4. Sufficiency of Claims
The final argument by the Defendants is that the Government of Guam has sovereign immunity. The Defendants contend that the Plaintiff's "Intentional Tort Claim" against the Government of Guam fails to state a claim upon which relief can be granted since the Government of Guam has not waived its sovereign immunity with respect to intentional torts.

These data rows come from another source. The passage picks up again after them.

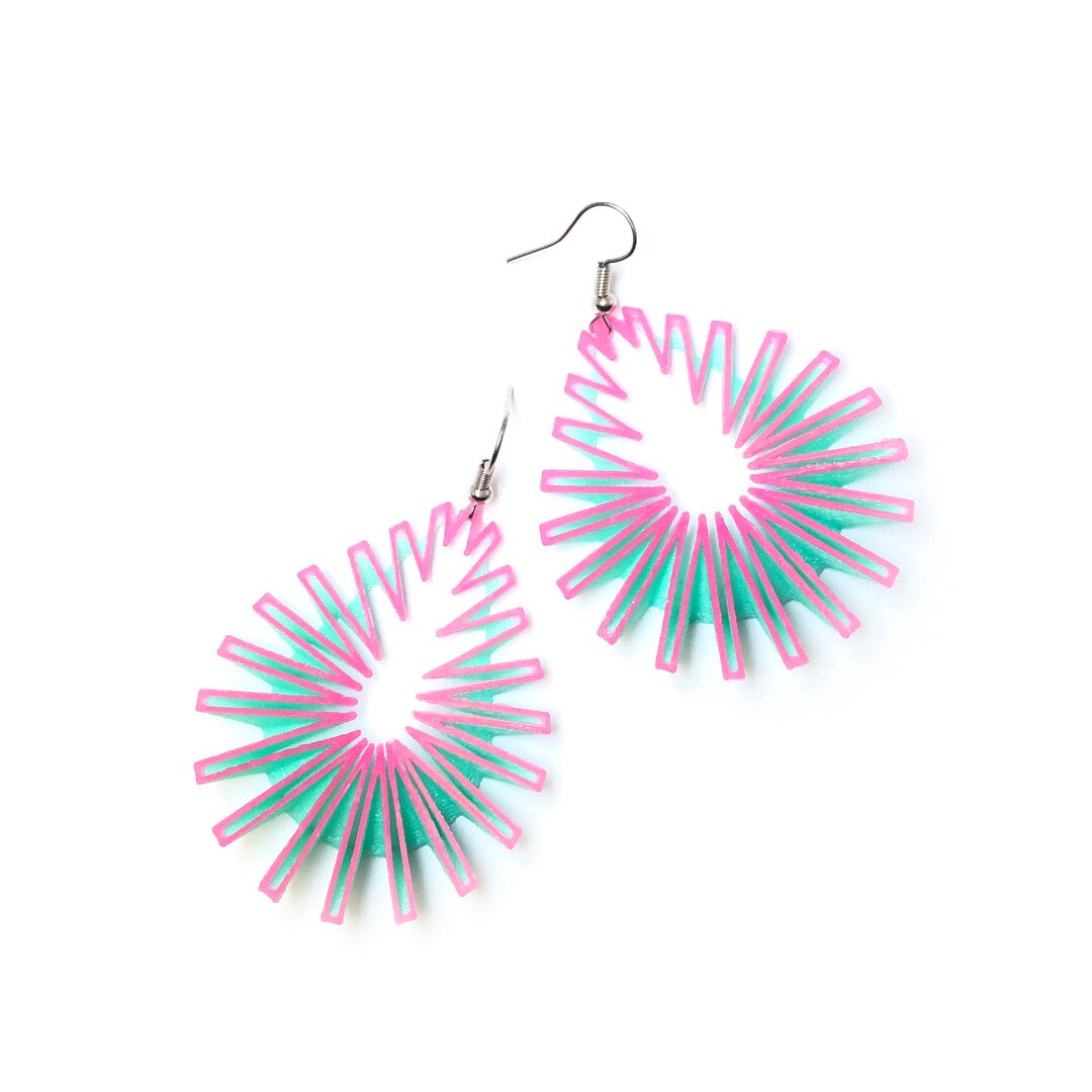 3D Printed Pink Drop Earrings by Rentaro Nishimura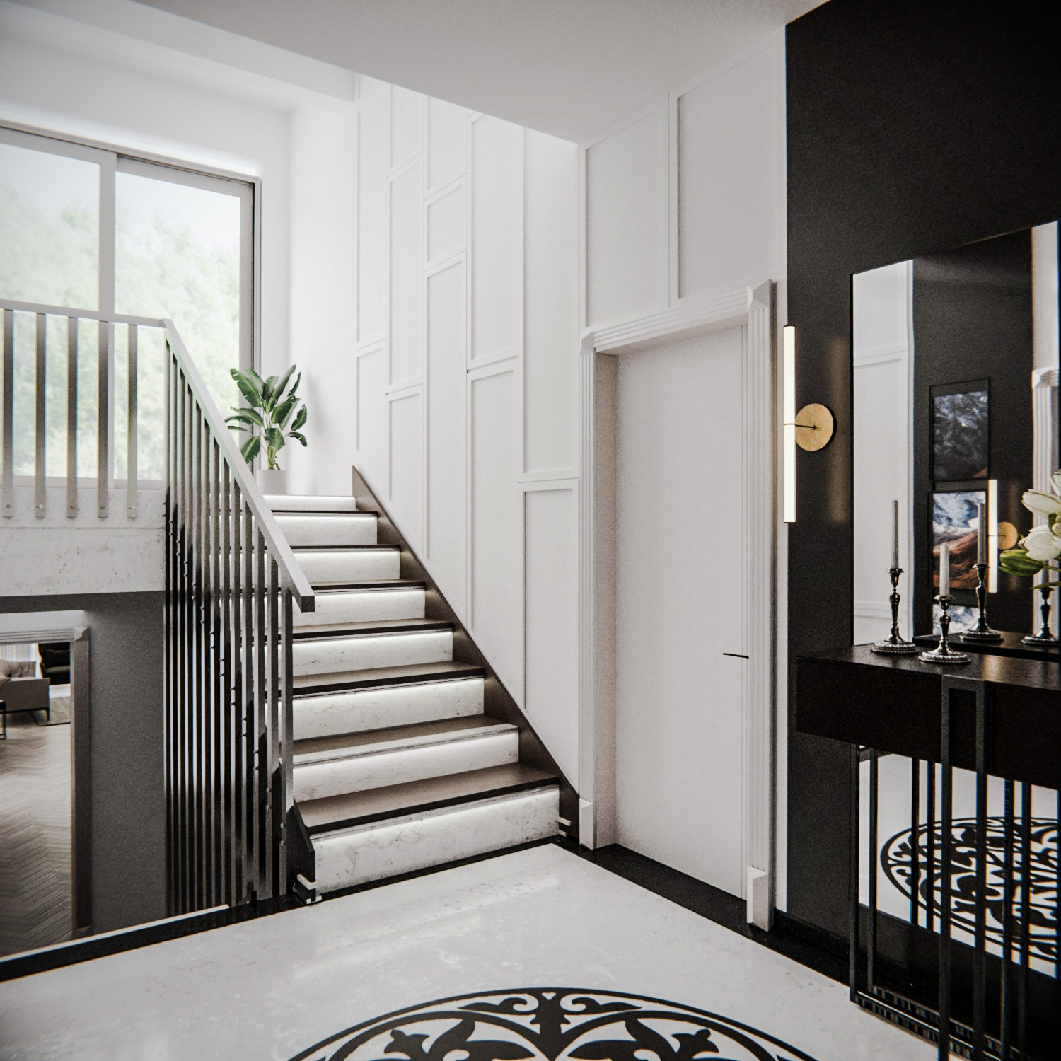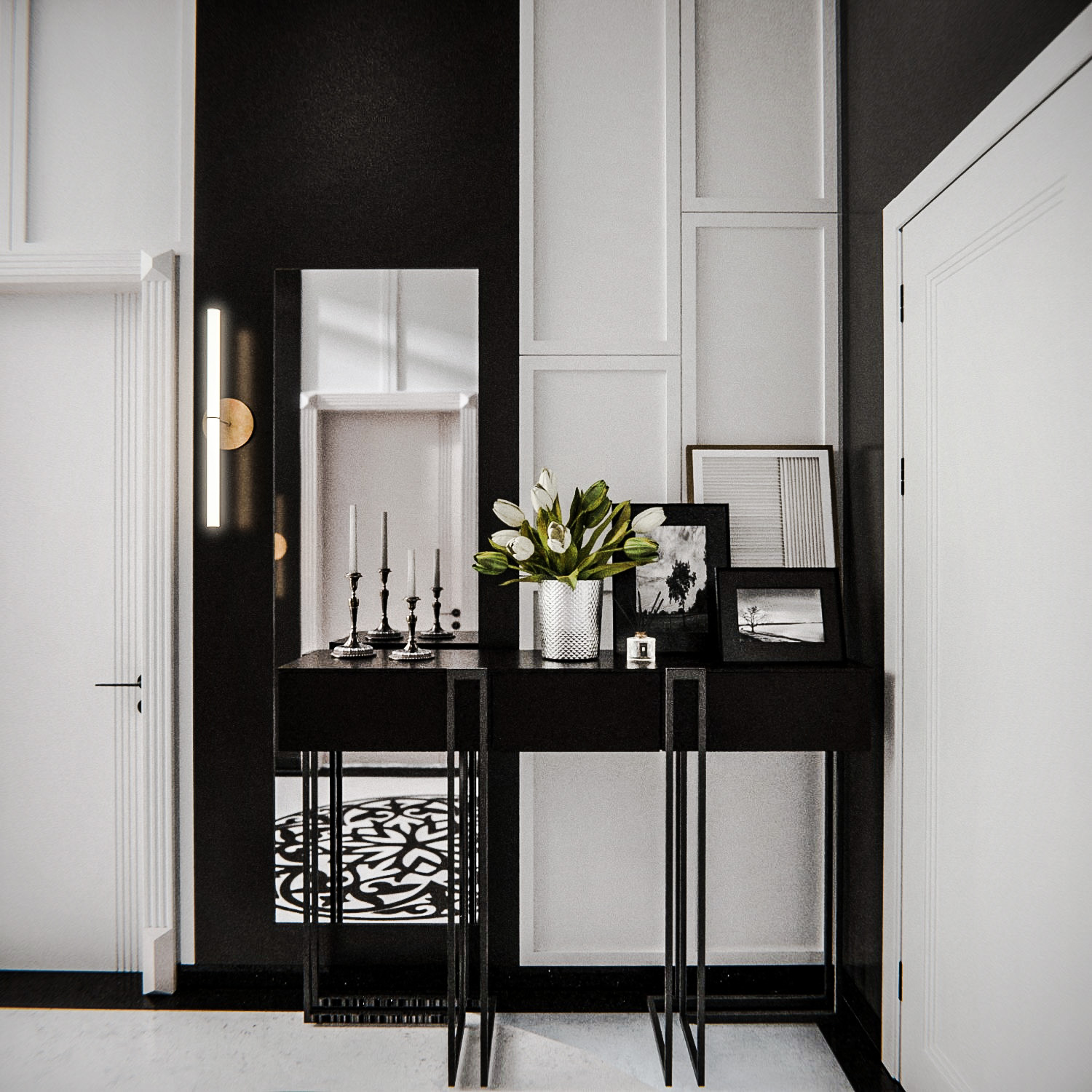 Benna Interior olarak, Bursa/Bademli'de 2022 yılında tamamladığımız villa antre dekorasyonu projemizle, modern ve şık bir giriş alanı tasarladık. Bu projede, siyah ve beyaz renklerin dengeli kullanımıyla estetik bir görünüm elde etmeyi hedefledik.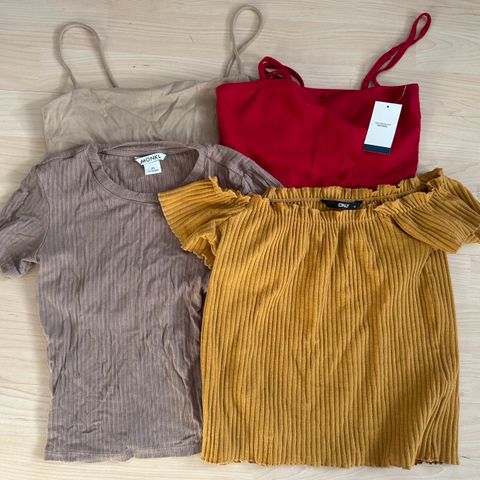 Fin Klespakke bestående av 4 topper og 1 skjørt med trekte knapper. Nesten ikke brukt. Selges Kr 100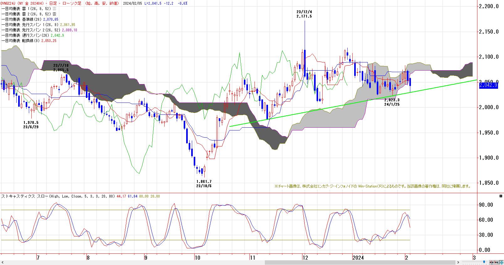 一目均衡表では雲の下限を割り込んでおり、ネックライン(緑線)を割り込むと、三尊天井完成が意識される。その場合の下値目標は、N=1988.5ドル、V=1963.4ドル、E=1928.6ドルなどがカウント可能。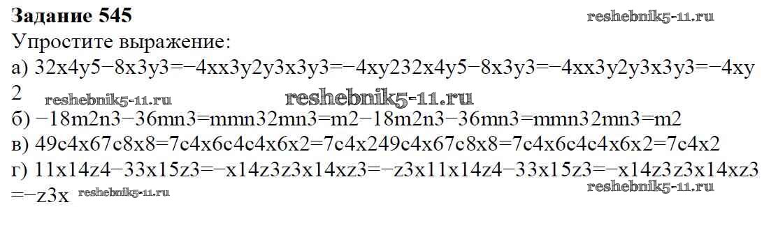 Готовая домашняя работа с ответами по Алгебре за 7 класс Дорофеев, Суворова, Бунимович Учебник Академический школьный учебник Просвещение 2020 ФГОС - Упражнения 545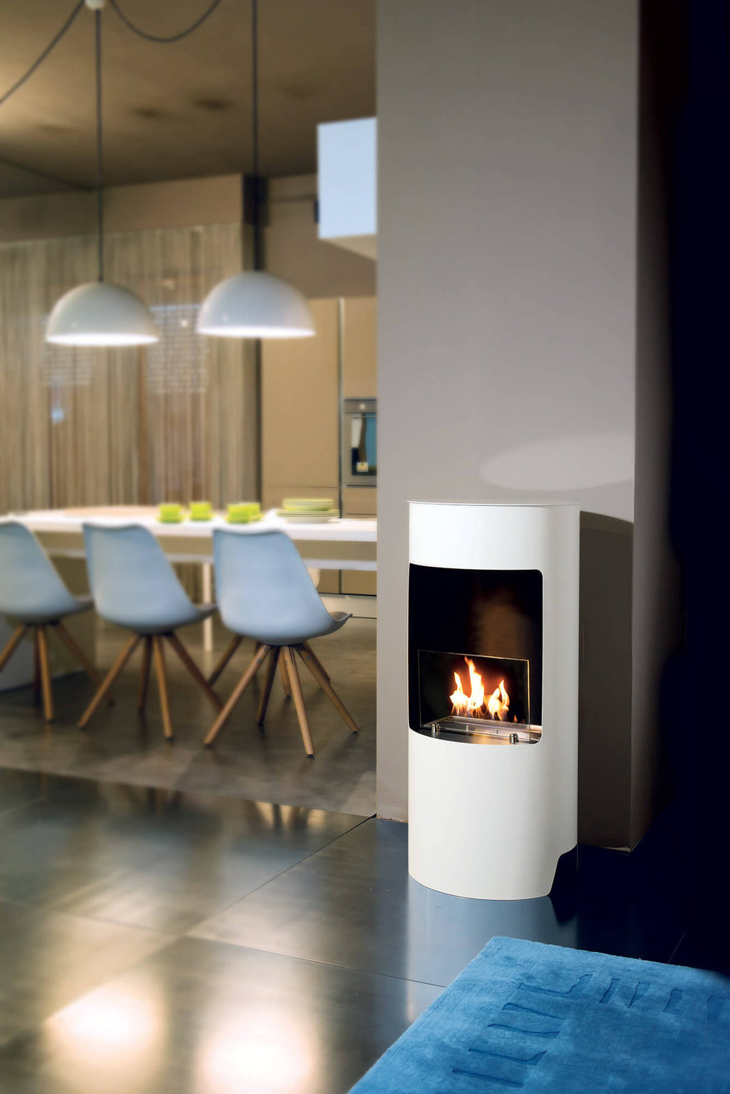 Bioethanol-Bodenkamin Ø45x95 cm Karlsen Cortina Weiß

The court concurs with the Defendants that the Government of Guam enjoys sovereign immunity against intentional torts. See Wood v. Guam Power Auth., 2000 Guam 18 ("In order for someone to sue the Government of Guam or any governmental agency, sovereign immunity must be waived. . . . The Legislature did not waive sovereign immunity for intentional torts[.]"). However, as discussed above, the exact nature of the Plaintiff's claim against the Defendants is unclear. The Defendant is being afforded an opportunity to amend the Complaint, so the court will deny the Defendants' motion to dismiss for failure to state a claim upon which relief can be granted.
CONCLUSION
For the reasons set forth above, the court grants and denies in part the Motion to Dismiss. The Complaint is dismissed without prejudice. The Plaintiff is ordered to file an amended complaint no later than 30 days from the filing of this Order (March 29, 2017) and to thereafter properly serve a copy of the amended complaint and a summons on each of the Defendants. The Plaintiff is advised that failure to comply with this Order may result in the dismissal of this action with prejudice and/or the imposition of sanctions as deemed appropriate by the court.
The Plaintiff should consult Rule 4 of the Federal Rules of Civil Procedure with regard to effecting proper service.
In light of the court's ruling, the Defendants' Request for Status Conference, see ECF No. 25, is deemed moot.